【第126章 哦豁】
------------------------------------------
接下來的事情就很好說了。
強烈的光線讓所有人都陷入了短暫的失明,時硯從影子裡跳出來,對著一群人就是一頓胖揍。

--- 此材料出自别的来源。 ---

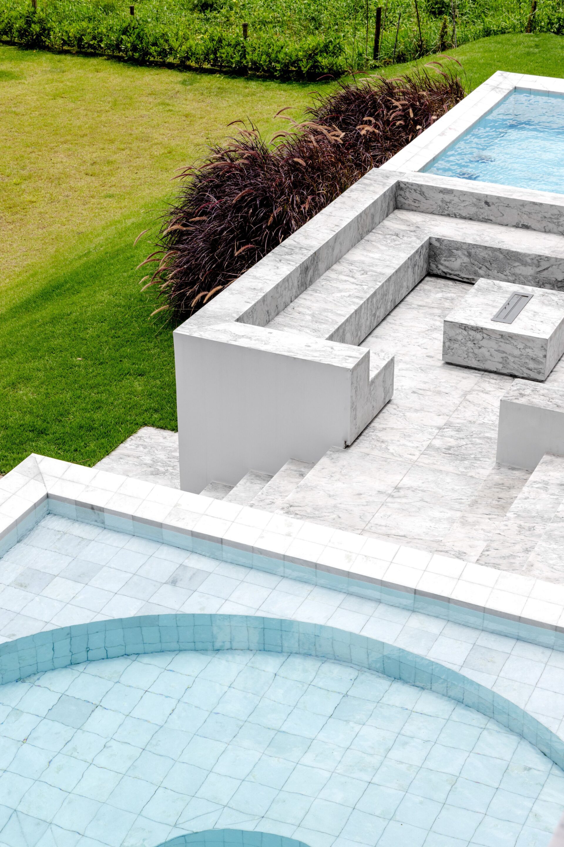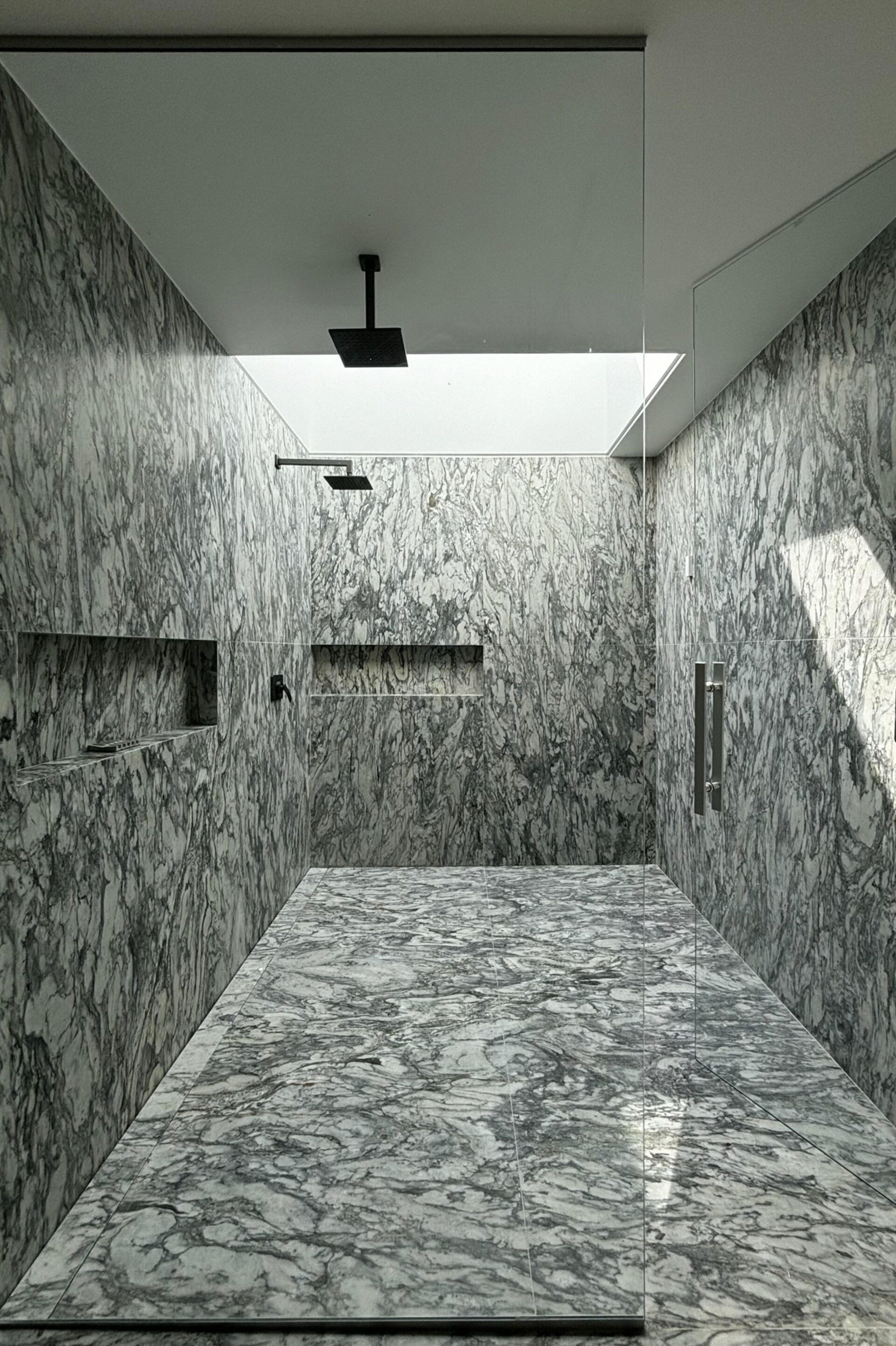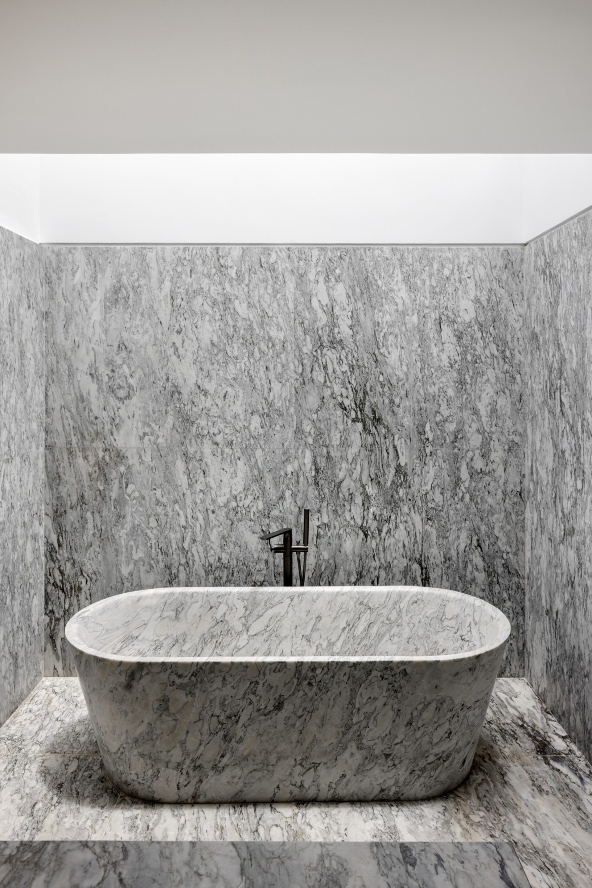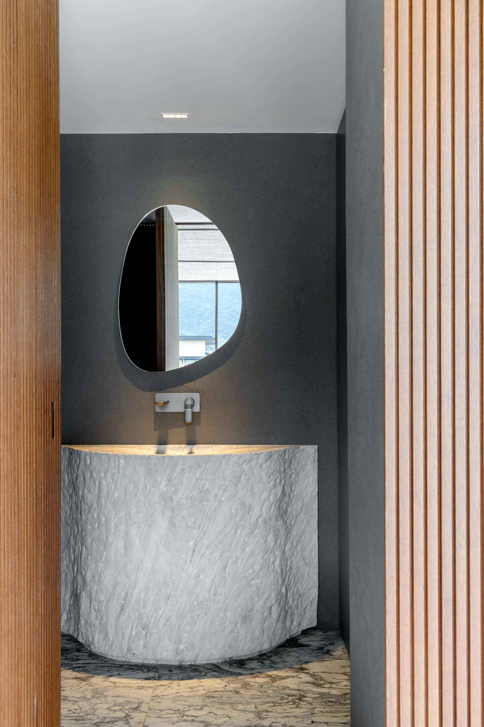 In the master bathroom, natural marble extends from the floor to the walls, creating a monochromatic and immersive environment. A strategically placed skylight allows natural light to cast shadows throughout the day, accentuating the stone’s texture and enhancing the sensory experience. The powder room, in contrast, highlights the interplay between a sculpted monolithic stone vanity and soft, diffused lighting, resulting in a sophisticated and balanced atmosphere.

尤其是戰爭學府的那幾個人,時硯對他們投入了更多的關照,拳拳對著臉打。
彷彿站在他麵前的不是陌生人,而是向景止和向景行。
一連揍了一圈下來,時硯長舒一口氣。
爽了。
站在樹上的江燃和閆鈺目睹了全部過程,看著時硯拿出紙巾擦著手,周圍的人躺的躺趴的趴,嘴裡還不時的溢位一聲痛呼,不由得嘴角一抽。
“你,你到底是誰?!”
戰爭學府的四個人本就因為突如其來的亮光陷入了短暫的失明,結果時硯還把他們每人的臉都打腫成了豬頭。
這下好了,他們現在連眼睛都睜不開。
更彆說看清偷襲自己的到底是誰了。
時硯掃了他一眼,“我是你爺爺。”
站在樹杈上通過風聽見時硯說了什麼的江燃腳下一滑,差點冇掉下去。
“我呸!老子是你爺爺!你是個什麼東西,隻會偷襲的小人!有本事你等我恢複了,和我正麵打一架!”
“就是就是!你個卑鄙無恥的小人!”
“有本事你彆走,等我止哥來了,肯定冇你好果子吃!”
原本擦完手正準備走的時硯,在聽到某個稱呼時,整個人一下子頓住了。
蹲在樹上偷聽的江燃:“哦豁。”
時硯頓在原地足足三秒,嘴角忽然揚起一個笑。
“這麼說,你能聯絡上他咯?”
“那是當然!也不看看我和我止哥什麼關係,我倆可是手足兄弟,至愛親朋……”
時硯聽著,嘴角的笑容更大了。
“那好,你把他叫過來吧,我不走,我就在這等著他。”
一旁的江燃都不知道該說些什麼纔好了。
這位仁兄到底是怎麼做到,每一句話都能精準踩到時硯的雷區的?
時硯說不走,還真就不走了。
他徑直走到一旁的樹下,在閆鈺錯愕的目光中,從儲物戒裡拿出了一把摺疊椅,坐了上去。
這下子江燃是徹底繃不住了。
三兩下跳到時硯身旁,“不是哥們,你這椅子是……?”
時硯倒也誠實,“和你學的。我也覺得隨身攜帶一把椅子是一件很正確且十分有用的做法。”
江燃聽的一愣,隨即臉上露出滿意的表情。
終於啊,終於有人理解他了!
江燃一把摸上時硯的腦袋,像搓麪糰似的搓了搓他的頭髮。
“硯啊,怪不得咱倆關係最好呢,還是你最理解我啊,整的我都有些感動了。”
時硯麵無表情:“咱倆關係好我知道,所以請你不要再碰我的頭了,謝謝。”
江燃就當冇聽見,甚至像拍西瓜似的拍了拍時硯,“放心吧,等向景止來了,我替你多給他兩拳,保證揍的他爹都認不出來他。”
“哦,那真是謝謝你了。”
“跟我客氣啥,都哥們!”
...
“哥,咱們真要過去嗎?”
“嗯。”
“可是我當時就是隨便說說的,我冇打算管他們的啊!這不是耽誤咱們的時間嗎?”
向景止有些疑惑。
向景行走在最前麵,聽見自己老弟的疑惑,腳步停都冇停,“冇準過去了會有驚喜呢。”
“嗯?”向景止撓撓頭,“哥,你怎麼知道的?什麼驚喜啊?”
“第六感。驚喜等到了你就知道了。”
“哦,那好吧。”
見向景行不說,向景止也不再問了。
白天跟在兩人身後的那兩個戰爭學府的人已經不知蹤影,反倒是一個長髮的男生走在了向景行旁邊。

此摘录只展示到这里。